Datanglah dua orang terbaik yang melamar Muslimah ini. Pertama, seorang laki-laki terhormat. Pejuang. Nasabnya mulia. Bisnisnya moncer. Tapi, si ayah tidak bergeming. Ia hanya diam. Lamaran laki-laki jangkung ini bertepuk sebelah tangan.
Tak lama setelah itu, datanglah laki-laki kedua. Ia merupakan laki-laki terbaik kedua pada masa itu. Gagah. Kuat. Berani. Terhormat. Pebisnis. Kaya. Dan tegas. Namun, si ayah kembali diam. Ia benar-benar tak sampaikan penolakan. Tapi diamnya sudah cukup menjadi dalil bahwa dia tidak menerima lamaran si laki-laki kedua.
Lalu laki-laki ketiga datang. Ia takut. Minder. Tapi, beberapa sahabatnya menyemangati. Datanglah, kata sahabatnya. Siapa tahu, lanjut mereka, kamu diterima. Tapi, si laki-laki muda ini punya logikanya sendiri. Jika dua seniorku dan orang terbaik dari kaum ini saja ditolak, apakah ada peluang bagiku untuk diterima? Demikian bisik si pemuda, ke dalam hatinya.
Tapi, atas berkat rahmat dan kekuatan dari Allah Ta’ala, pemuda yang terkenal cerdas ini benar-benar maju. Ia ingin mencoba. Siapa tahu, wanita idaman itu jodohnya. Siapa tahu, dia berhak menjadi bagian keluarga terbaik di masa itu dan masa-masa selepasnya.
Taqdirnya, si ayah menyampaikan dua kalimat yang monumental, “Ahlan wa sahlan.” Satu kata saja sudah bermakna penerimaan. Maka dua kata berarti persetujuan tanpa alasan.
“Kamu kemana saja, Nak Mas? Kami menunggumu dari tadi.” kurang lebih begitu.
Mengapa pemuda ini yang ditunggu? Sebab si pemuda memiliki beberapa kemiripan dalam karakter dan usia di banding dua soosk terbaik sebelumnya. Dan inilah di antara makna satu kufu dalam pernikahan.
Pernikahan berkah pun dilangsungkan. Sangat sederhana. Maharnya bukan emas. Hanya perhiasan dari besi. Tapi, pernikahan barakah dan menyejarah-dari dulu sampai Kiamat nanti-memang tidak pernah mensyaratkan mahalnya mahar.

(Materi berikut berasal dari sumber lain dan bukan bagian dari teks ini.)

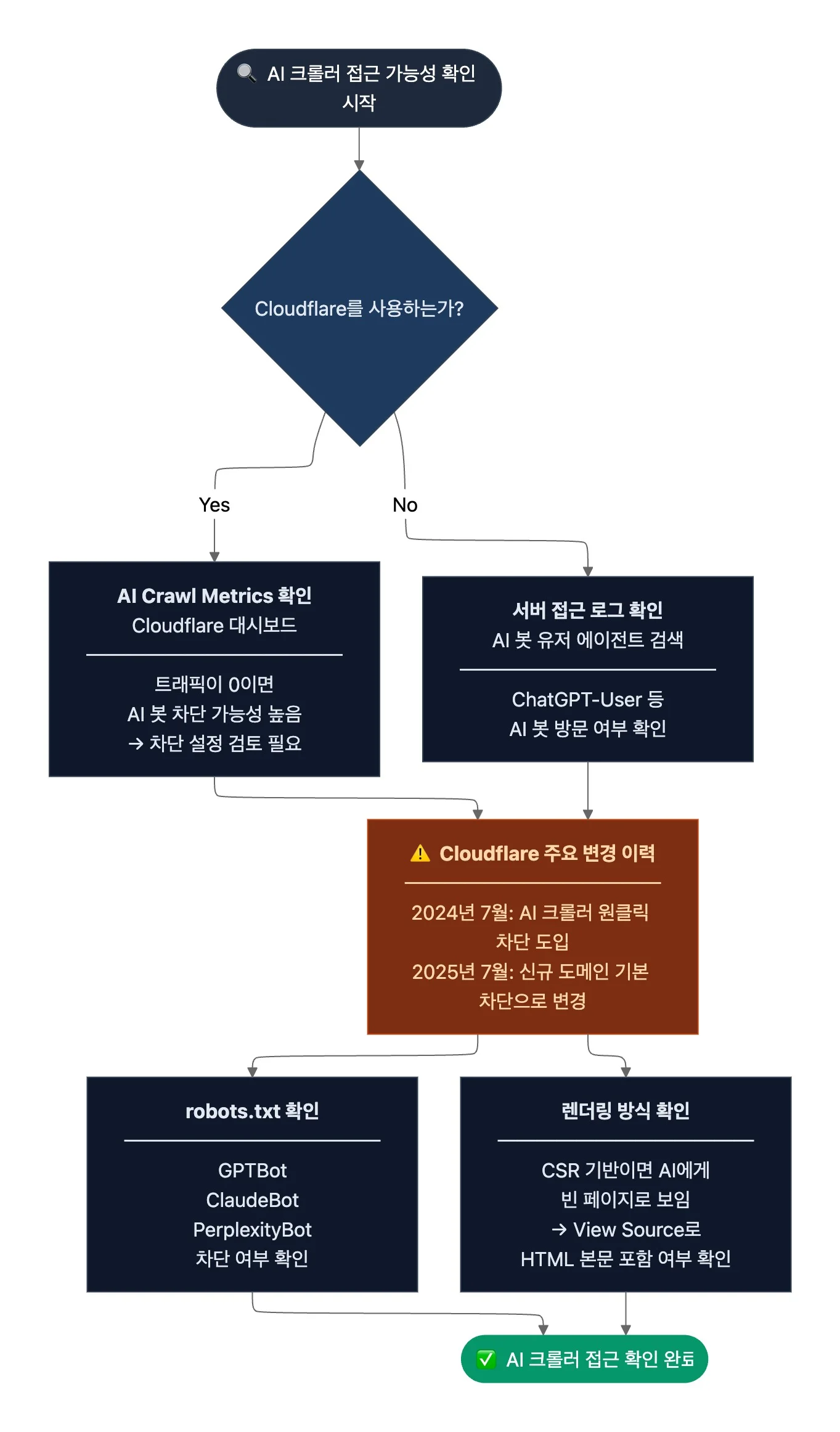 - Cloudflare는 2024년 7월에 ‘AI 크롤러 원클릭 차단’ 옵션을 도입했습니다. 이어 2025년 7월부터 신규 도메인에 AI 크롤러 차단을 기본 설정으로 변경했는데요. Cloudflare를 사용하는 사이트는 별도 설정 변경 없이는 AI 봇 트래픽이 자동으로 차단됐을 수 있죠. 이 상태에서는 기술 문서 구조를 개선해도 AI가 문서를 읽을 수 없는데요. AI 크롤러의 문서 사이트 접근 가능성은 반드시 먼저 확인해야 합니다.

Kemudian, sepasang insan dimabuk cinta ini memutuskan untuk menempati rumah sendiri. Soalannya, keduanya tidak punya uang. Bahkan untuk makan saja susah, apalagi untuk membeli rumah.
Beruntungnya ada sahabat keduanya dan sahabat ayahnya yang bermurah hati. Ia memberikan satu rumahnya agar ditempati oleh dua insan terbaik ini. Mulanya, keduanya menolak. Enggan menerima pemberian. Tapi, si pemilik rumah bersumpah untuk tidak memasuki rumah itu lagi.
Akhir kisah, rumah itu diterima dengan syarat; dicicil.
Sang pemilik rumah sepakat. Cicilannya sangat murah. Temponya pun amat memudahkan. Berkah. Halal. Baik. Tak ada pihak yang dizhalimi. Alhamdulillah.
Siapapak sosok-sosok yang terlibat dalam kisah nan monumental ini?
Si ayah adalah Muhammad Shallallahu ‘Alaihi Wa sallam. Si anak yang dilamar ialah Sayyidatina Fathimah binti Muhammad. Laki-laki pertama yang melamar adalah sayyidina Abu Bakar ash-Shiddiq. Laki-laki kedua ialah Sayyidina ‘Umar bin Khaththab Radhiyallahu ‘anhu.
Dan, laki-laki yang diterima lamarannya, tiada lain adalah Sayyidina ‘Ali bin Abi Thalib. Kelak, terlahirlah Hasan bin Ali, Husain bin ‘Ali dan Zainab binti Ali. Semuanya ahli surga.
Tidakkah kita malu setelah membaca kisah ini? Mereka semua ahli surga. Sang suami, istri, dan anak-anaknya. Semuanya ahli surga. Sang laki-laki dan anak serta keturunannya kelak menjadi pemimpin Negara. Namanya terus disebut oleh miliaran manusia. Sifat dan sikapnya senantiasa diteladani.
Mereka membeli rumah dengan mencicil. Tapi, bukan dengan riba.